Happy Birthday, Budd Boetticher! Born today in 1916 as Oscar "Budd" Boetticher Jr., this American film director is most famous for a series of low-budget Westerns he made in the late 1950s starring American film actor Randolph Scott.
Born in Chicago, Illinois, Boetticher was a maverick filmmaker, shooting classic B-westerns but never making it on to the A list of Hollywood directors.
Nonetheless, his love of filmmaking was matched only by his love of action, notably as a matador and horseman.
Boetticher worked in multiple genres – the gangster picture, the film noir thriller, the war film – but his reputation rides high in the saddle on the back of his westerns.
This was appropriate, for Boetticher’s pared-down picture making style is close to the just-the-necessities ethos of the western.
Working sometimes with thirteen-day shoots, he turned out unhurried films reflecting a serene confidence in what went where and why.
Among his credits, Boetticher is best known for producing and directing the 1959 American CinemaScope Eastman Color Western/drama film 'Ride Lonesome'.
The film follows bounty hunter Ben Brigade (Randolph Scott), who on his way to California with his prisoner, Billy John (James Best).

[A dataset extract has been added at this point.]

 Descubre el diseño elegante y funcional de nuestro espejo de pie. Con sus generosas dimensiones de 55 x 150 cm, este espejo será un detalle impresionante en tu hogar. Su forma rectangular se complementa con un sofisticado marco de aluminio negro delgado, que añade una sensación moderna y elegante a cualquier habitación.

However, he is unaware that Brigade is really after his brother, Frank (Lee Van Cleef).
The pair later stop at a frontier post and find themselves defending the poorly guarded settlement from a Native American assault.

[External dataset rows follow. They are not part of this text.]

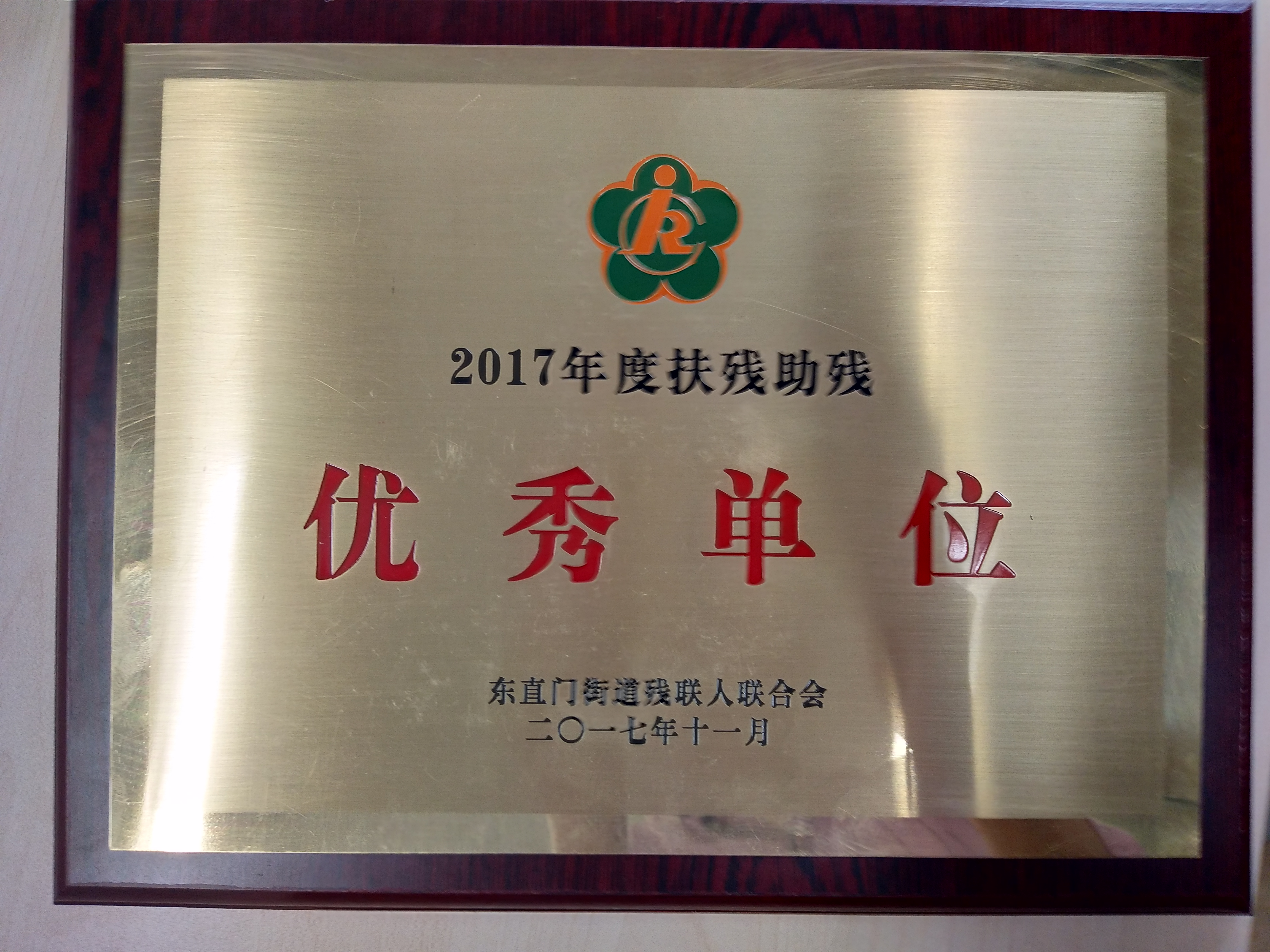 颁发单位:东城区东直门街道残联
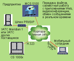 | Рисунок 3. Корпоративные мультимедиа-коммуникации на основе Nortel MCS 5100. |
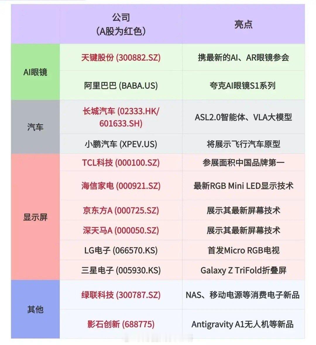 2026年CES(国际消费电子展)于1月4日至9日在美国拉斯维加斯举办,本届展会以AI与机器人为核心主题,成为观察全球科技产业趋势的关键窗口。本次大会参会中国公司有哪些?2026年CES参展企业阵容曝光。重磅演讲环节,英伟达、AMD、联想集团等科技巨头将分享前沿战略,黄仁勋还将与杨元庆展开对谈;机器人赛道成焦点,特斯拉携第三代人形机器人Optimus-3亮相,上纬新材、奥比中光等A股公司也将展示人形机器人、3D相机等新品;AI眼镜、汽车、显示屏等领域同样亮点纷呈,天键股份、长城汽车、TCL科技等A股企业分别带来AI/AR眼镜、智能驾驶技术、新型显示产品,绿联科技、影石创新也将展出消费电子、无人机等新品,A股公司在全球科技舞台的存在感持续提升。理财有风险入市需谨慎!
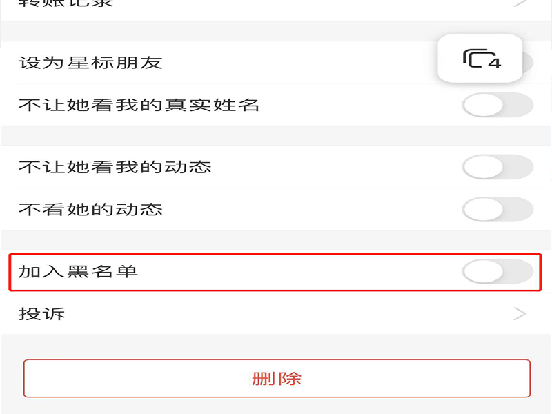 4、在联系人资料设置页面上,点击“加入黑名单”,即可拒收对方的转账。
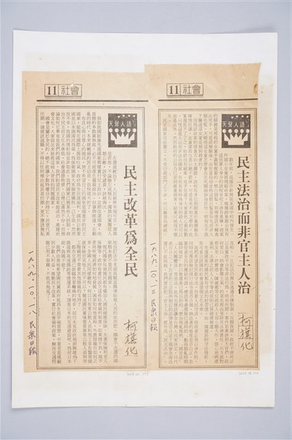 1.柯旗化1989年10月18日文章〈民主改革為全民〉剪報,刊載於《民眾日報》「天聲人語」專欄。 2.柯旗化於1982年完成最後一本英文教科書後,便一心轉向投入宣揚台灣意識的文化事業,包括編寫《台灣文化圖書目錄》與創辦《台灣文化》季刊之外,也積極撰寫詩作、社論投稿到台、日等報章雜誌,多數投稿在《台灣文藝》雜誌雙月刊、《笠》詩刊、《民眾日報》天聲人語專欄等等,此時期的柯旗化企圖跳脫白色恐怖冤獄的陰影,反而更無畏、積極地為自己的政治理念發聲,另外,柯旗化從創作詩開始便有將其作品轉譯成台語、日語、英語的習慣,於文章的寫作也是如此,因此可以發現因為語言版本的關係也有一稿多投得情況。本捐贈案文物囊括柯旗化生前最完整的親筆手稿(複寫稿),十分珍貴,其中又以未刊登或未註明投稿的手稿為最多,共收藏有146件(包含複寫稿)、其次是柯旗化投稿於《台灣文藝》季刊的作品42件,以及《民眾日報》天聲人語專欄刊登的社論32件,其餘數件刊登於《笠》詩刊、《台灣詩季刊》、《文學界》等等。
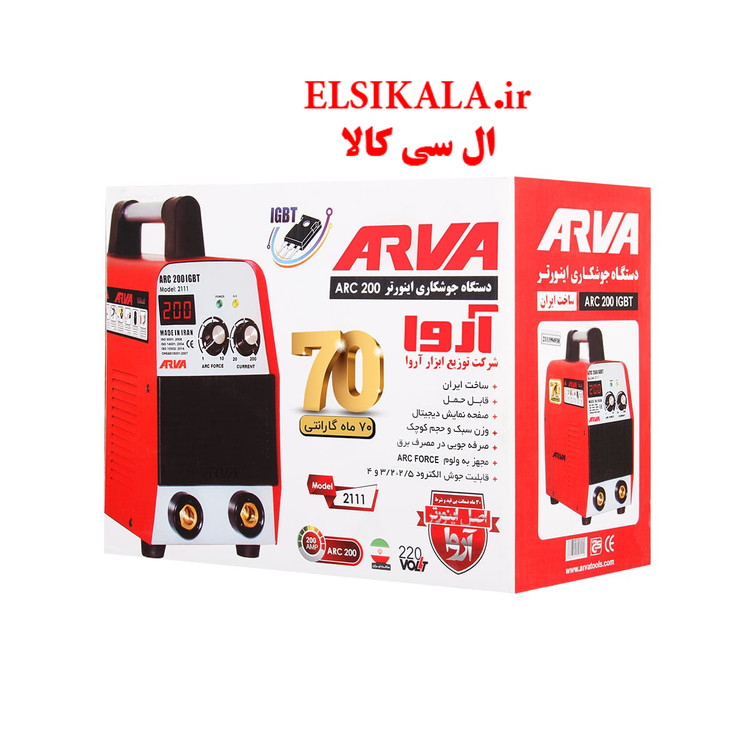 دستگاه جوش آروا ۲۱۱۱ تولید شده توسط شرکت آروا می باشد و ساخت کشور ایران است. اینورتر آروا ۲۱۱۱ یک دستگاه ۲۰۰ آمپر و سه برد است. این دستگاه سبک و قابل حمل بوده و با ولتاژ برق تک فاز ۲۲۰ ولت کار می کند. همچنین همراه دستگاه انبر جوش با کابل ۲.۵ متری و انبر اتصال با کابل ۱.۵ متری ارائه می شود.
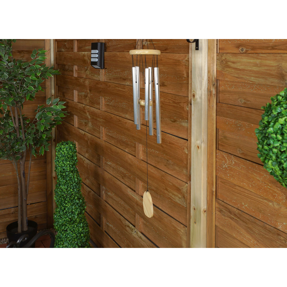 Bring tranquility to your garden with the St. Helens Wind Chime. Hand-tuned aluminium tubes of varying lengths create a deep, soothing melody when the wind catches the bottom wind catcher. This centuries-old symbol of good fortune is believed to ward off negativity. The natural wooden top disc, bell, and wind catcher beautifully complement the silver aluminium tubes. Measuring 77cm from the hook to the wind catcher, it easily hangs from trees, lights, or brackets.
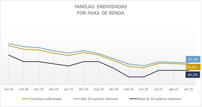 O endividamento é maior entre as famílias com renda até dez salários mínimos, com 85,9% delas relatando algum tipo de dívida, ante 83,9% entre as famílias com renda acima deste patamar. A inadimplência é levemente maior entre as famílias com renda até dez salários mínimos (12,3%). Contudo, observa-se um aumento da inadimplência entre os consumidores de maior renda a partir de julho, alcançando 11,3% em setembro.
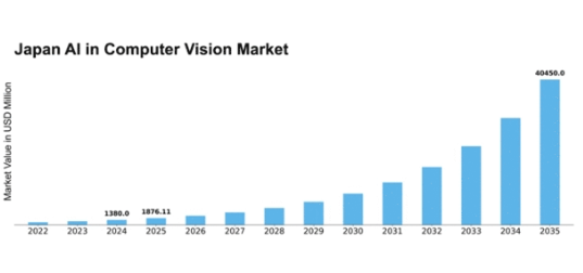 日本のAIコンピュータービジョン市場は、AI技術の進歩と自動化需要の増加を背景に、2024年から2035年にかけて35.95%のCAGRで成長すると予測されています。
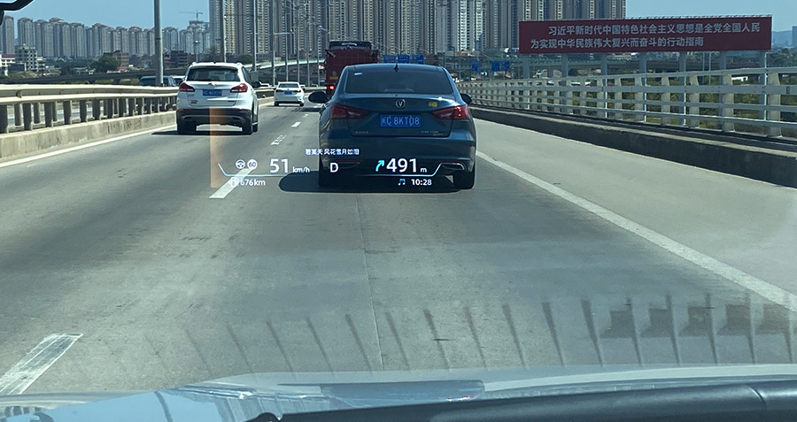 同时,锐程PLUS还拥有AR-UD增强现实抬头显示功能,拥有7.5m远距离虚拟成像能力,可实现52英寸超大投影。这套AR-HUD给人最直观的感觉是,投影尺寸真是很大,同时能够显示超多信息,如车速、导航、音乐、辅助驾驶以及歌词等等。同时结合导航可实现实景导航,在临近转弯时刻通过渐变指示指令,进行动态动画引导,避免错过重要路口。

When the widow Mrs. Lane (Karen Steele) decides to accompany them to Santa Cruz, Brigade enlists the aid of two outlaws who may have a hidden agenda of their own.
'Ride Lonesome' is one of Boetticher's so-called "Ranown cycle" of westerns, made with Scott, executive producer Harry Joe Brown and screenwriter Burt Kennedy.
This began with Boetticher's 1956 American WarnerColor Western/action film 'Seven Men from Now'. Of Kennedy, Boetticher called him "the best Western writer ever."
His best westerns are films that travel light, conserve their energy and their resources, don’t waste a word or gesture or a set-up.
They aren’t great because of evident ambition or mythic dimension, but because of their ability to distill, condense, encapsulate.
Few auteur directors are more revered and beloved. Boetticher was a brilliant, distinguished American director, particularly of low-slung, slyly subversive Westerns, whose simple, bleak style disguised a complex artistic temperament.